§ **Collected data**:
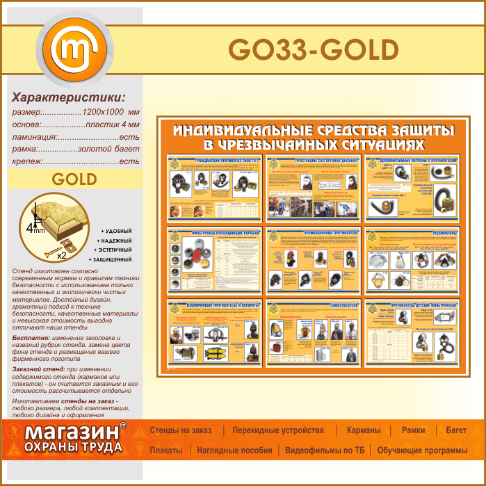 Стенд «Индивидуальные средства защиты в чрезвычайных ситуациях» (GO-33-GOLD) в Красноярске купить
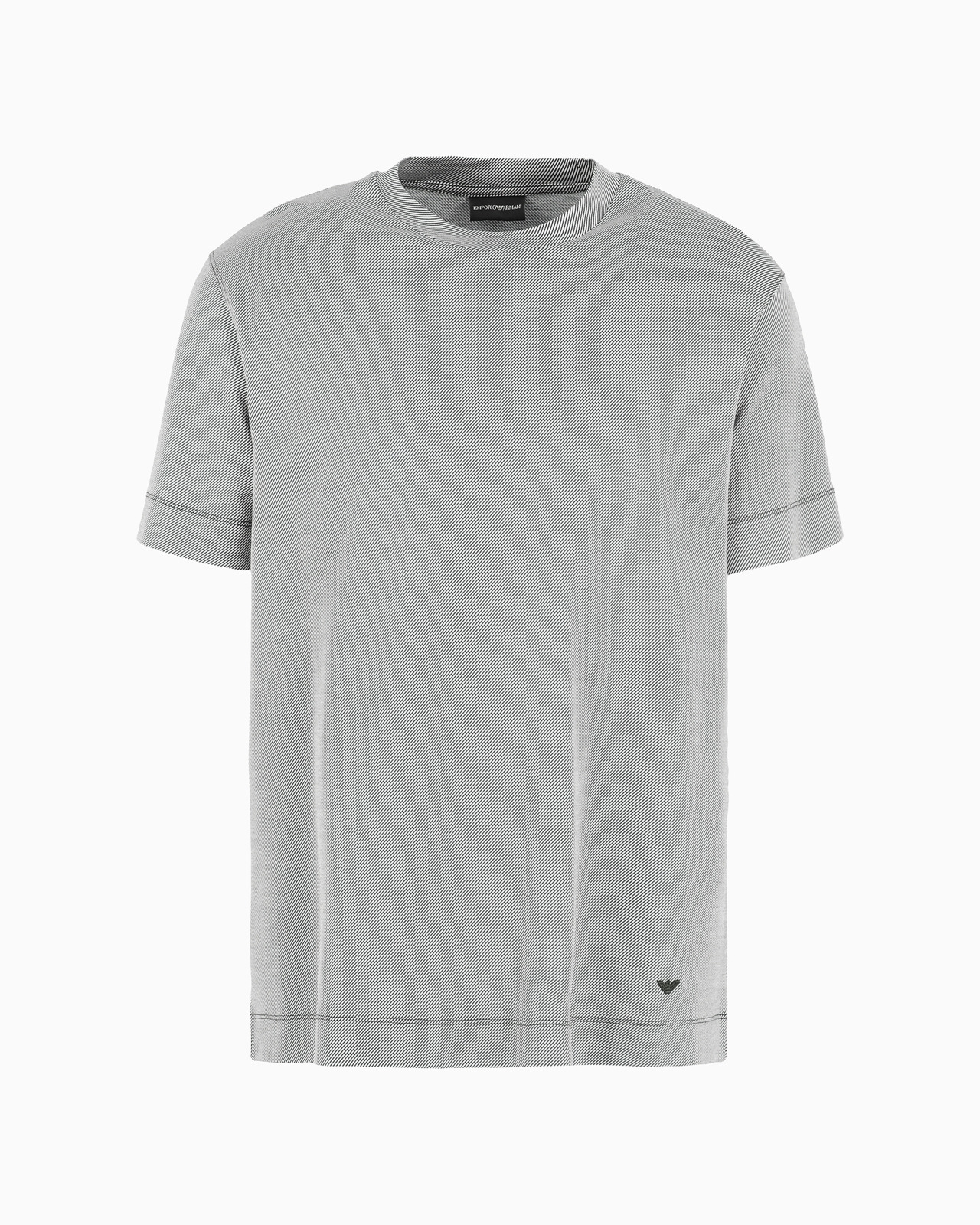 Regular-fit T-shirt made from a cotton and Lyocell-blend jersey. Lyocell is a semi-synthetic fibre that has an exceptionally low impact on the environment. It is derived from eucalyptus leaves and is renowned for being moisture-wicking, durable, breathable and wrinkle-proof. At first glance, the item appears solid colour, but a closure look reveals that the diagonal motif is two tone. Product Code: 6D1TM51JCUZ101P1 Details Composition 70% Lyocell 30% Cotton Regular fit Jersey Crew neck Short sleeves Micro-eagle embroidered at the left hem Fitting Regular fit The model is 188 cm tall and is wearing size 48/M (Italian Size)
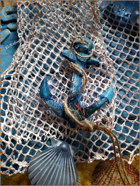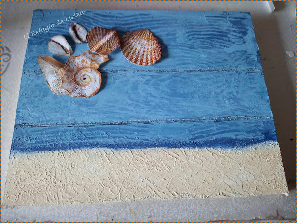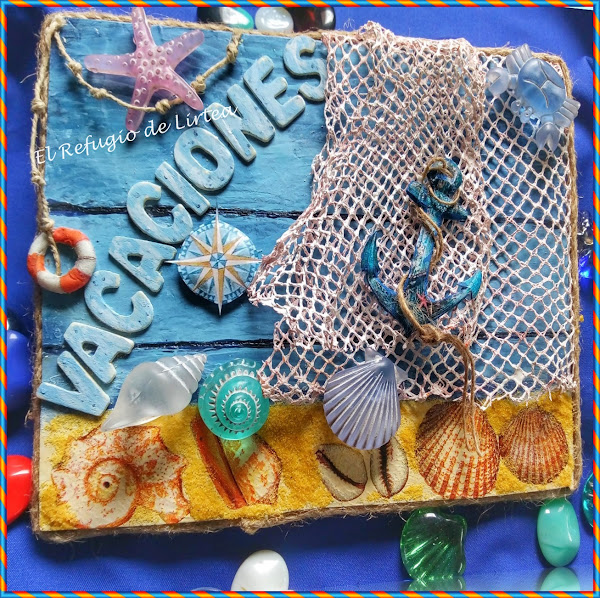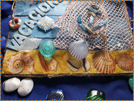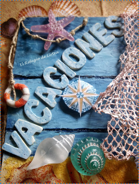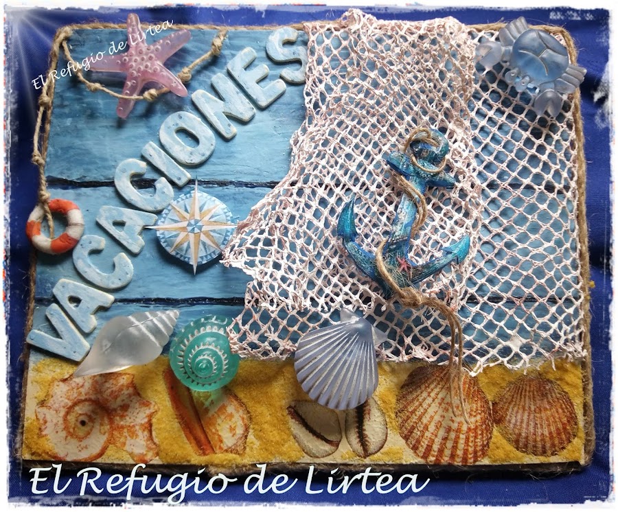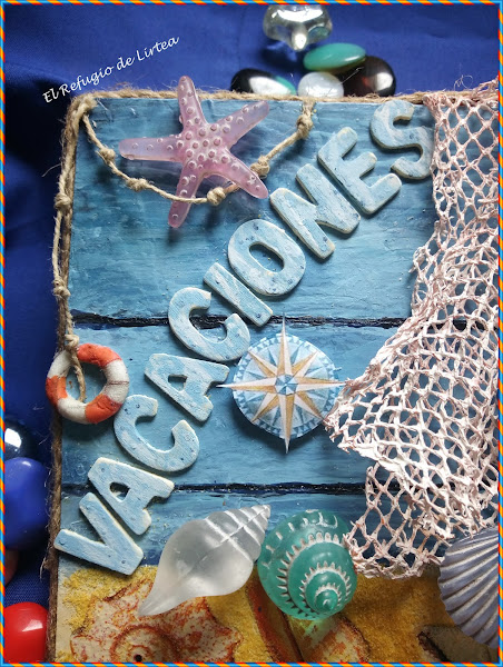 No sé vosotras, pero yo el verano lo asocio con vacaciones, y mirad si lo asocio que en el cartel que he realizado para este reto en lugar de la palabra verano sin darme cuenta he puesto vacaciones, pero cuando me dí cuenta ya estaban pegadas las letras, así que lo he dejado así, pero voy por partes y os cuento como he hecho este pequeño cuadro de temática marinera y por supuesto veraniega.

§ **What you have to do**: The expected response is every line of the material, written out exactly, with the images removed.

§ **Output**:
 Стенд «Индивидуальные средства защиты в чрезвычайных ситуациях» (GO-33-GOLD) в Красноярске купить
 Regular-fit T-shirt made from a cotton and Lyocell-blend jersey. Lyocell is a semi-synthetic fibre that has an exceptionally low impact on the environment. It is derived from eucalyptus leaves and is renowned for being moisture-wicking, durable, breathable and wrinkle-proof. At first glance, the item appears solid colour, but a closure look reveals that the diagonal motif is two tone. Product Code: 6D1TM51JCUZ101P1 Details Composition 70% Lyocell 30% Cotton Regular fit Jersey Crew neck Short sleeves Micro-eagle embroidered at the left hem Fitting Regular fit The model is 188 cm tall and is wearing size 48/M (Italian Size)
 No sé vosotras, pero yo el verano lo asocio con vacaciones, y mirad si lo asocio que en el cartel que he realizado para este reto en lugar de la palabra verano sin darme cuenta he puesto vacaciones, pero cuando me dí cuenta ya estaban pegadas las letras, así que lo he dejado así, pero voy por partes y os cuento como he hecho este pequeño cuadro de temática marinera y por supuesto veraniega.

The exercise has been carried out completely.